After I last talked to you on Thursday, I went on an unexpected minimalism sweep, and I mean a major one this time… maybe the second-biggest anti-haul since my initial one. Three days of on-and-off plundering later, I took the spoils to be donated.
[Sidenote and speaking of my last post: I read it again later that day (the Geronimo post), and I found a typo (a missing ‘s’, I believe). I went in and fixed it. Please do let me know if you see typos or other errors in my writing! Don’t be shy. It’s like if I have something green stuck in my teeth, I’d rather someone point it out to me than allow me to go around talking to another hundred+ people like that. Haha.]

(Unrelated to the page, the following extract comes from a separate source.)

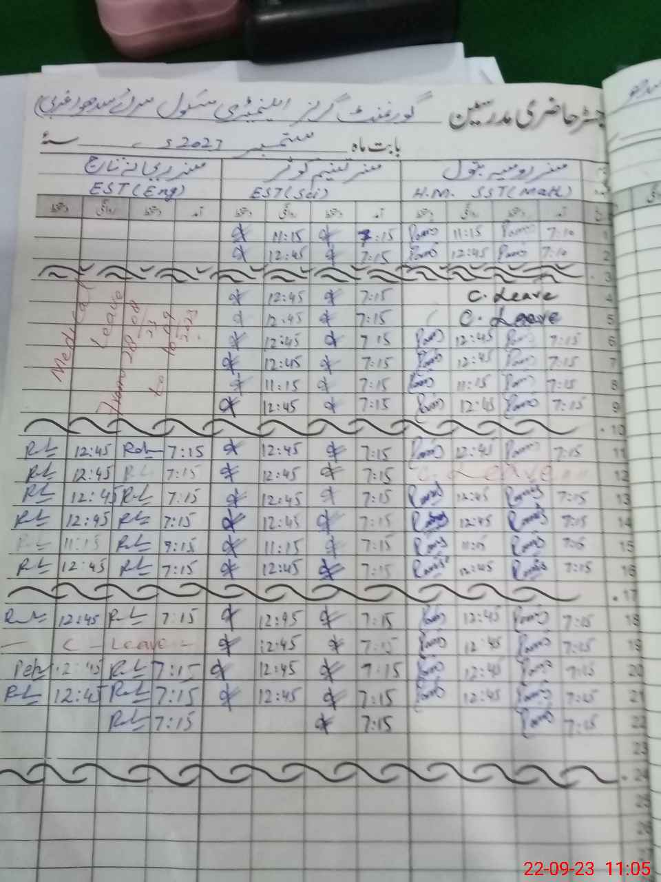| Leave | Duty | Absent | Maternity | Medical | Ex- Pak |

I didn’t plan this latest minimalism undertaking. You know… accomplishment in itself feels amazing, but unexpected accomplishment adds an extra kick of satisfaction. This time, I had no mercy. I slashed my sock drawer in half, when up until now I’d maintained that I wouldn’t go there. This progress suggests that my next major sweep might very well include – gasp – books. Could I possibly get to a point where I can decide which books to donate?
While going through the closet in the guest bedroom, I re-encountered my collection of music books, which largely define my childhood. I found Hannon and Czerny exercise books; instructional book series; rhythm and timing workbooks; collections of works by specific composers; collections of popular hit music from the 70’s and 80’s; loads of sheet music (popular, classical, and the blues); holiday music of several different cultures; and my practice notebooks going back to my very first day of piano lessons. Even my violin instructional book is in there! I took violin for six months before my school lost the program and the lessons stopped. My parents got a piano, and I picked up my music studies from there. I was a lucky kid. An excellent piano teacher came to the house once a week for the next nine years; she basically watched me grow up.
My first piano lesson was on November 14, 1978. It’s written on the first page of my first lesson notebook. Just the sight of my teacher’s handwriting brings back memories. The date of each lesson. Reminders to trim my nails (at the top of each entry, sometimes in all caps and with multiple exclamation points – my piano teacher invented screaming in all caps). The practice time charts she drew every week (for me to write in the time I’d spent practicing each day. “30 minutes minimum!!”) And her assignments for the week, numbered in order of priority.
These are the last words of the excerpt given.